Sarah Ransome chose the Garraf area to hide between 2018 and 2021, after coming forward and starting litigation in 2017 against Jeffrey Epstein for the abuse she endured at the hands of the late convicted sex offender and his closest confidante, the jailed sex trafficker Ghislaine Maxwell.
In a recent interview in L’Eco with two Italian journalists living in Sitges, Giorgio Ragnoli and Elena Affinito, Ransome, who now lives in London, talked about the drama she lived and how she came to spend three years in the Blaumar urbanisation, in the Els Colls area of Sant Pere de Ribes.
Ransome also appeared in an episode of the Netflix series Filthy Rich about the billionaire financier and sexual predator Epstein, and which was partly shot in Sitges and El Colls.
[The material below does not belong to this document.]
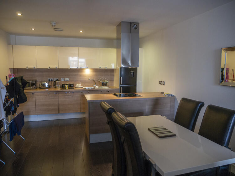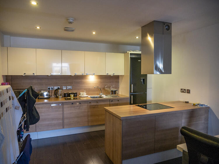 One bedroom, open-plan lounge and kitchen, bathroom.

In 2006, after moving to New York at the age of 22 to study fashion, Ransome was recruited into what is now regarded as one of the most high-profile sex trafficking rings in history, headed by Epstein and orchestrated by Maxwell. For nearly a year, Ransome was subjected to regular mental and physical abuse by the pair including starvation, body shaming, and rape.
Ransome sued Epstein, Maxwell and others in 2017 regarding these allegations and settled the civil action two years later for an undisclosed amount. Maxwell had denied the allegations in the lawsuit. Since Maxwell’s later conviction for sex trafficking, Ransome has published an autobigraphy, Silenced No More: Surviving My Journey to Hell and Back (Harper Collins).
After coming forward in 2016, Ransome has said she ‘went into hiding in Spain’ and that she ‘didn’t speak one word of English for two years’, except to her partner. She said that she has evidence that Epstein was looking for her during the litigation in 2017, and that he had tracked her down to Barcelona.
In the interview with L’Eco, Ransome recalls the good memory she has of Sitges and El Colls. ‘I immediately fell in love with Sitges’, she said, adding that ‘one of the most important aspects was the wonderful nature of the Garraf’. She said: ‘The natural element is essential for my personal well-being and balance. Waking up at dawn and watching the sun rise over the sea was like medicine for the body and soul, a cure for emotions.’
The full interview (in Catalan) appears in the current edition of L’Eco (20 May).